● **Excerpted records**:
——

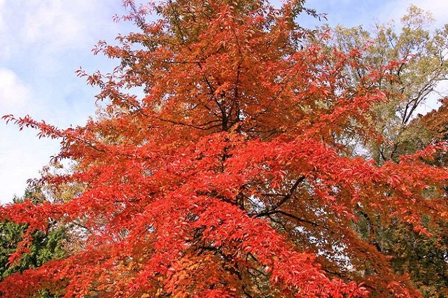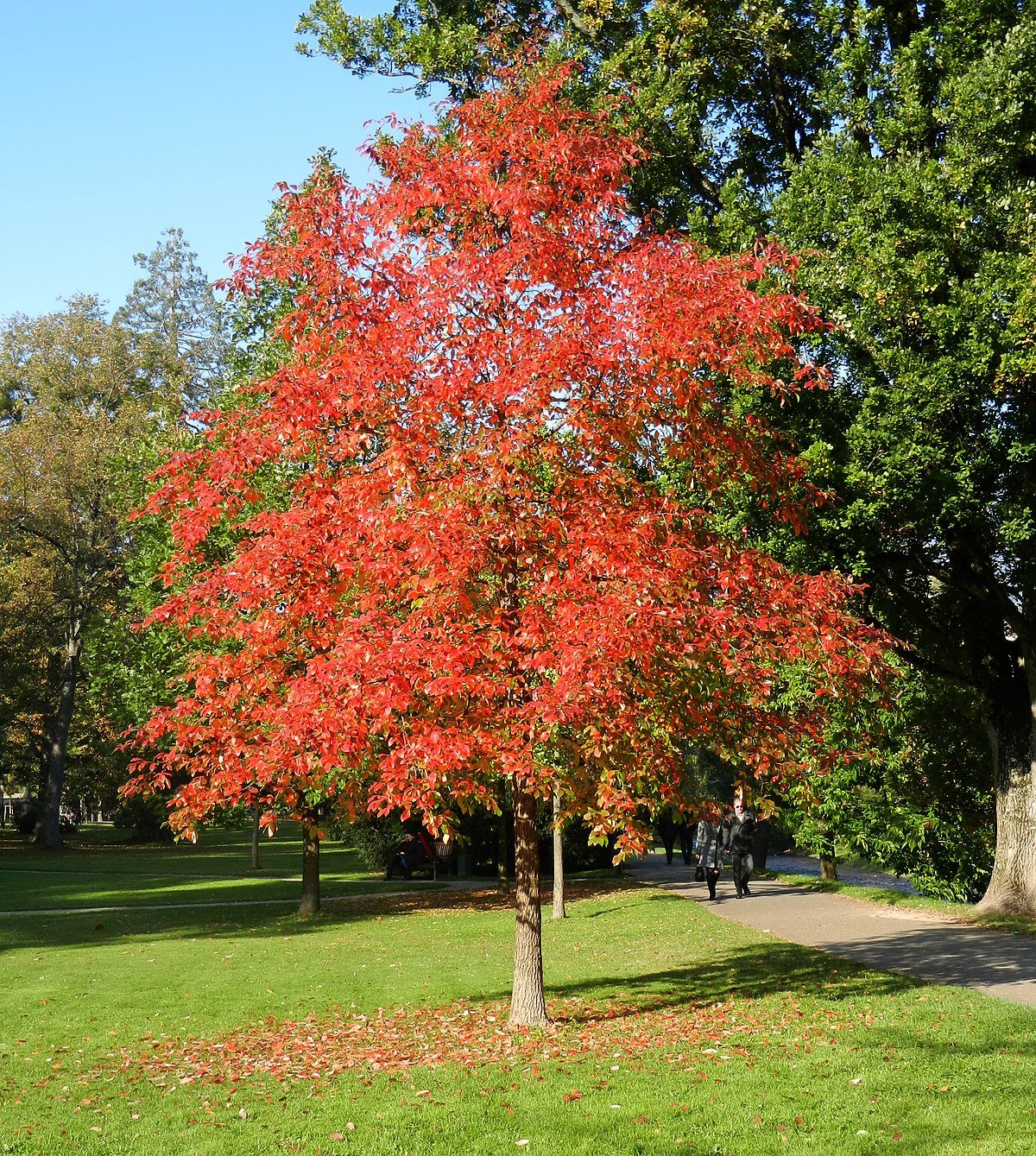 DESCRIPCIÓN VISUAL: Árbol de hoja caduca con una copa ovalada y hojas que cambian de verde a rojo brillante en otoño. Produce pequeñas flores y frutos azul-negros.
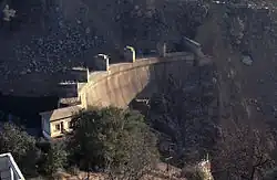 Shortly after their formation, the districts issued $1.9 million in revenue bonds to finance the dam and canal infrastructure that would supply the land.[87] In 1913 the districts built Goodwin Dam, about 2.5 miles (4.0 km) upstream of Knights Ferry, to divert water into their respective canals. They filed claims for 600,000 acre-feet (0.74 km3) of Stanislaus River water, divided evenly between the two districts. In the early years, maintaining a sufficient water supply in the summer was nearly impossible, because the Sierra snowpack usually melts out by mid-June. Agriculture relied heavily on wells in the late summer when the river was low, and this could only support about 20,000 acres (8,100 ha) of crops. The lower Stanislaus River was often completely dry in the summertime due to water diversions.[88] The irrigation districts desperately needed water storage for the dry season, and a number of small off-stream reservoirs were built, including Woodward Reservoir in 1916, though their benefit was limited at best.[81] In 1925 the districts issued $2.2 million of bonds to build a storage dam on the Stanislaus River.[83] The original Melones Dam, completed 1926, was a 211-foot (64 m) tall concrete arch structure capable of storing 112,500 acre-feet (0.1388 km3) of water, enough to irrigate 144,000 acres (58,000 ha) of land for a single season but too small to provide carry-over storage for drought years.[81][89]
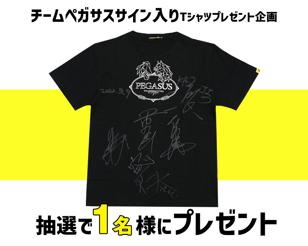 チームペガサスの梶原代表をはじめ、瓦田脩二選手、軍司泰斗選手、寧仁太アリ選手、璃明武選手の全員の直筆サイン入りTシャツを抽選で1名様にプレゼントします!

——

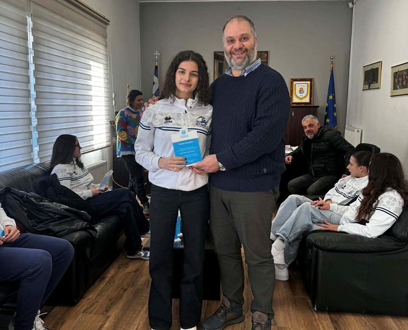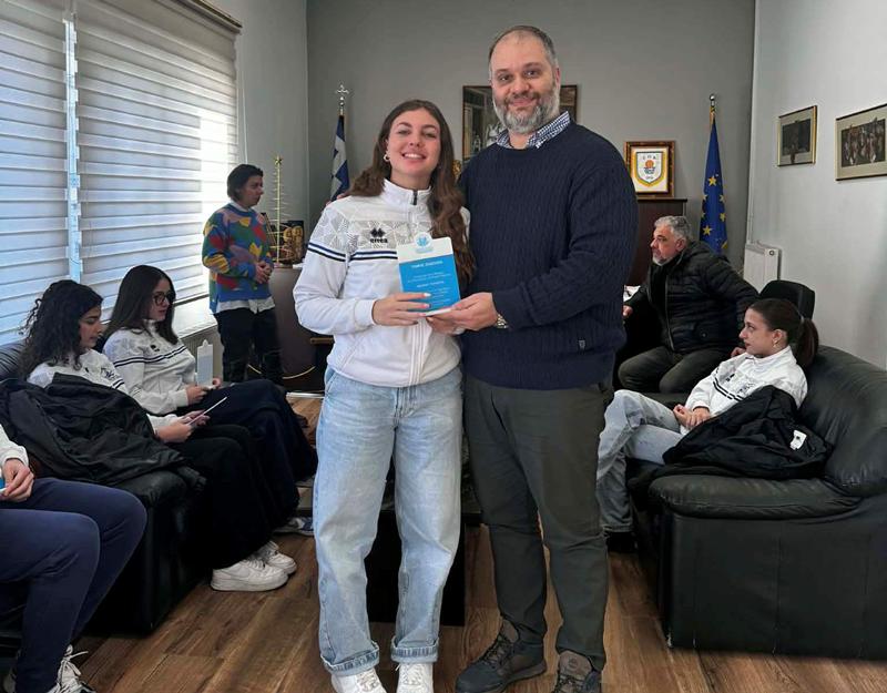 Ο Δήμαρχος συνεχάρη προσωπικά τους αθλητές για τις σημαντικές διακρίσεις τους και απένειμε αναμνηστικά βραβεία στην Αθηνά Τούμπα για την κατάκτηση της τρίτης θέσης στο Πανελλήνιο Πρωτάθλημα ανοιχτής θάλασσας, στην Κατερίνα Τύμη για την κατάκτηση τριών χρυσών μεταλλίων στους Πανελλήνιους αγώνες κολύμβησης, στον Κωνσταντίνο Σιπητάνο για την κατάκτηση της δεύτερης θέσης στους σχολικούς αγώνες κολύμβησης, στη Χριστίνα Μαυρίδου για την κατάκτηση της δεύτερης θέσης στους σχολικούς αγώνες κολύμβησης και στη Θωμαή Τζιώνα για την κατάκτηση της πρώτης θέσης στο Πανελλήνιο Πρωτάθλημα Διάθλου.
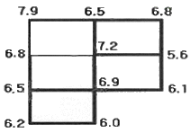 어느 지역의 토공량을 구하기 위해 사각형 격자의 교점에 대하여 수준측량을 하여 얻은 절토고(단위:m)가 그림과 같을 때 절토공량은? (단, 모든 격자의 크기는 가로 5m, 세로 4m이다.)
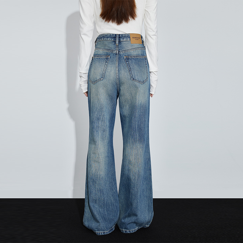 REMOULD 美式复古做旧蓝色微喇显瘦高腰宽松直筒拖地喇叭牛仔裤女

——

Without the pictures, give again exactly the lines above starting at the line containing "Ο Δήμαρχος συνεχάρη" and ending at the line containing "REMOULD 美式复古做旧蓝色微喇显瘦高腰宽松直筒拖地喇叭牛仔裤女".

● **Answer section**:
 Ο Δήμαρχος συνεχάρη προσωπικά τους αθλητές για τις σημαντικές διακρίσεις τους και απένειμε αναμνηστικά βραβεία στην Αθηνά Τούμπα για την κατάκτηση της τρίτης θέσης στο Πανελλήνιο Πρωτάθλημα ανοιχτής θάλασσας, στην Κατερίνα Τύμη για την κατάκτηση τριών χρυσών μεταλλίων στους Πανελλήνιους αγώνες κολύμβησης, στον Κωνσταντίνο Σιπητάνο για την κατάκτηση της δεύτερης θέσης στους σχολικούς αγώνες κολύμβησης, στη Χριστίνα Μαυρίδου για την κατάκτηση της δεύτερης θέσης στους σχολικούς αγώνες κολύμβησης και στη Θωμαή Τζιώνα για την κατάκτηση της πρώτης θέσης στο Πανελλήνιο Πρωτάθλημα Διάθλου.
 어느 지역의 토공량을 구하기 위해 사각형 격자의 교점에 대하여 수준측량을 하여 얻은 절토고(단위:m)가 그림과 같을 때 절토공량은? (단, 모든 격자의 크기는 가로 5m, 세로 4m이다.)
 REMOULD 美式复古做旧蓝色微喇显瘦高腰宽松直筒拖地喇叭牛仔裤女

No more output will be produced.